━━━━━ Information shown

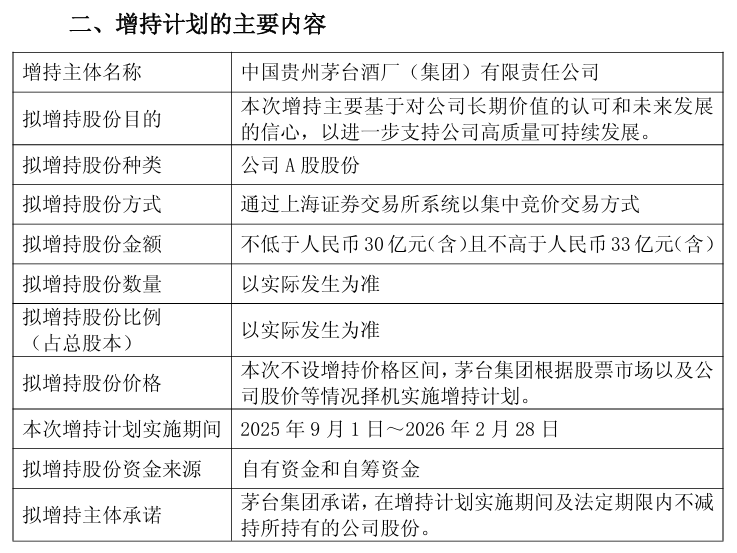 关于本次增握,贵州茅台示意,主要基于对公司恒久价值的招供和改日发展的信心,以进一步相沿公司高质料可握续发展。本次不设增握价钱区间,茅台集团将凭据股票市集以及公司股价等情况择机推论增握狡计,且同意在增握狡计推论时候及法依期限内不减握所握有的公司股份。
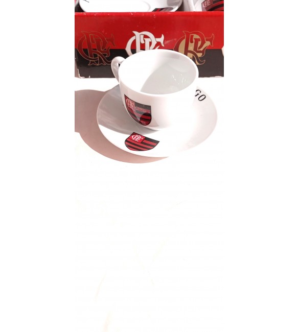 Jogo com 2 xícaras e 2 pires de porcelana. O brasão do Flamengo vem estampado tanto nas xícaras como nos pires. Perfeito para tomar o café após o almoço no estilo do seu time de coração. Material: porcelana; Litragem: 70 ml cada xícara
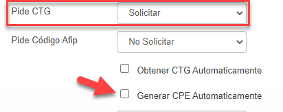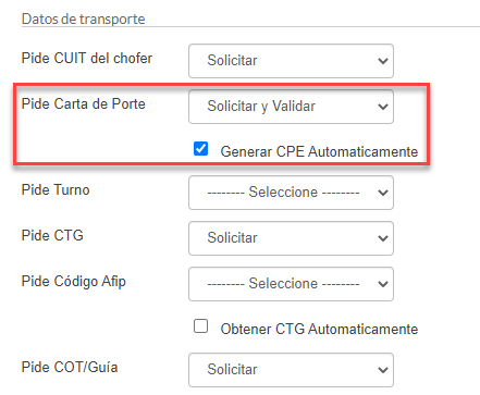 En los comprobantes de Acopio del tipo "Transferencia entre Depósitos" en necesario indicar que "Solicita" CTG para que habilite la opción de "Generar CPE Automáticamente"
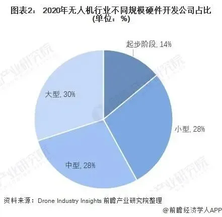 硬件部分的投资额在2020年增长较快,达到了20亿美元。与2019年相比,无人机行业软硬件的投资差额由2019年的1.59亿美元扩大到了2020年的19亿美元。从相关领域公司的发展情况来看,中大型无人机硬件开发公司在所有无人机硬件开发公司的占比中占到了58%。
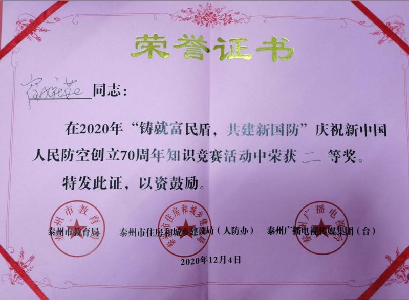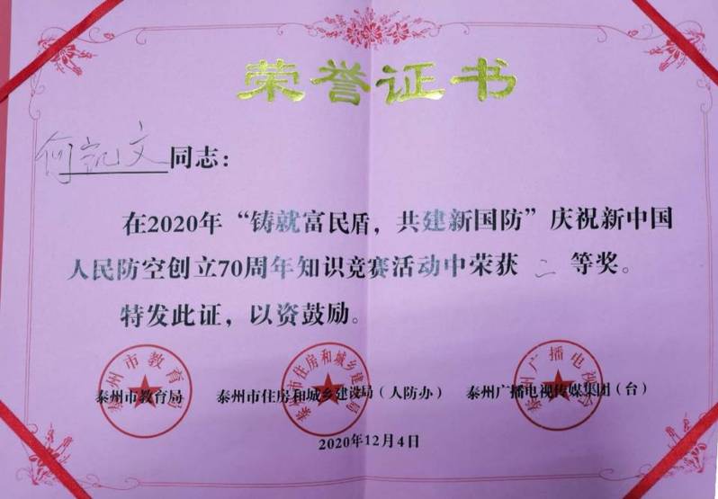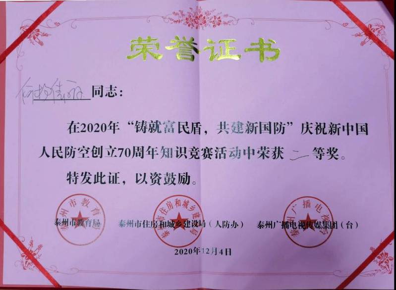 为全方位集中展现江苏人防70周年的建设成就,中共泰州市人民防空办公室、泰州市委教育局、泰州广播电视传媒集团(台)联合举办“纪念人防70周年”知识竞赛活动。公司委托bevictor伟德官网(20级音乐学4班何杨佳丽、何凯文、刘芳玉,20级音乐学3班崔婉茹)组队参赛。经过两轮角逐,公司代表队在包括6支高校代表队、6支社区代表队、2支县市代表队共14支队伍中获得第三名,荣获二等奖。
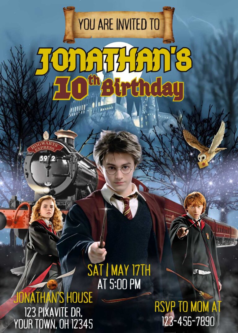 Harry Potter customizable invitation template Share or Print JW7
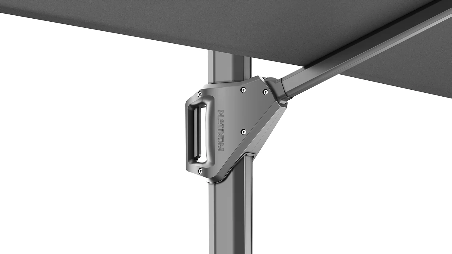 Parasollet levereras utan bas eller fotkryss. Parasollet kräver en parasollfotsvikt minst 120 kg. Vi rekommenderar att du placerar detta parasoll på en parasollfot från Platinum Sun & Shade. Dessa är försedda med hjul så att parasollet är lätt att flytta. Platinum Sun & Shade erbjuder även In-Ground parasollfötter som kan grävas ner eller gjutas fast i marken. Detta ger dig mer utrymme på din uteplats.
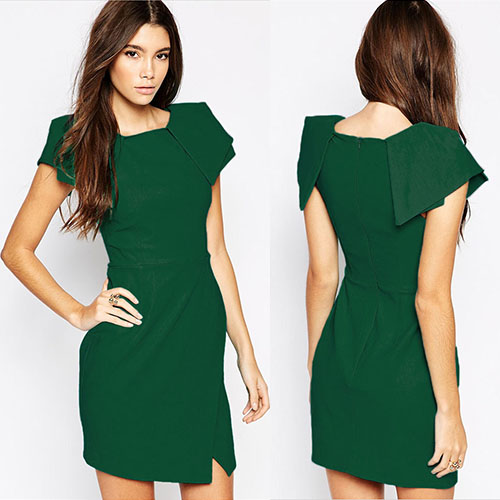 Elegant,charming and stylish,this short sleeve dress features a round neck,front slit hem and
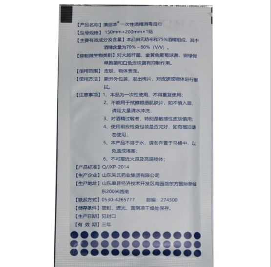 | 主要成分 | 本品由無(wú)紡布和75%酒精組成,其中酒精含量為70%~80%(V/V)。 |

━━━━━━━━━━

• **Directions**
Every record should come back exactly as it is, though none of the pictures should.

• **Result**
 关于本次增握,贵州茅台示意,主要基于对公司恒久价值的招供和改日发展的信心,以进一步相沿公司高质料可握续发展。本次不设增握价钱区间,茅台集团将凭据股票市集以及公司股价等情况择机推论增握狡计,且同意在增握狡计推论时候及法依期限内不减握所握有的公司股份。
 Jogo com 2 xícaras e 2 pires de porcelana. O brasão do Flamengo vem estampado tanto nas xícaras como nos pires. Perfeito para tomar o café após o almoço no estilo do seu time de coração. Material: porcelana; Litragem: 70 ml cada xícara
 En los comprobantes de Acopio del tipo "Transferencia entre Depósitos" en necesario indicar que "Solicita" CTG para que habilite la opción de "Generar CPE Automáticamente"
 硬件部分的投资额在2020年增长较快,达到了20亿美元。与2019年相比,无人机行业软硬件的投资差额由2019年的1.59亿美元扩大到了2020年的19亿美元。从相关领域公司的发展情况来看,中大型无人机硬件开发公司在所有无人机硬件开发公司的占比中占到了58%。
 为全方位集中展现江苏人防70周年的建设成就,中共泰州市人民防空办公室、泰州市委教育局、泰州广播电视传媒集团(台)联合举办“纪念人防70周年”知识竞赛活动。公司委托bevictor伟德官网(20级音乐学4班何杨佳丽、何凯文、刘芳玉,20级音乐学3班崔婉茹)组队参赛。经过两轮角逐,公司代表队在包括6支高校代表队、6支社区代表队、2支县市代表队共14支队伍中获得第三名,荣获二等奖。
 Harry Potter customizable invitation template Share or Print JW7
 Parasollet levereras utan bas eller fotkryss. Parasollet kräver en parasollfotsvikt minst 120 kg. Vi rekommenderar att du placerar detta parasoll på en parasollfot från Platinum Sun & Shade. Dessa är försedda med hjul så att parasollet är lätt att flytta. Platinum Sun & Shade erbjuder även In-Ground parasollfötter som kan grävas ner eller gjutas fast i marken. Detta ger dig mer utrymme på din uteplats.
 Elegant,charming and stylish,this short sleeve dress features a round neck,front slit hem and
 | 主要成分 | 本品由無(wú)紡布和75%酒精組成,其中酒精含量為70%~80%(V/V)。 |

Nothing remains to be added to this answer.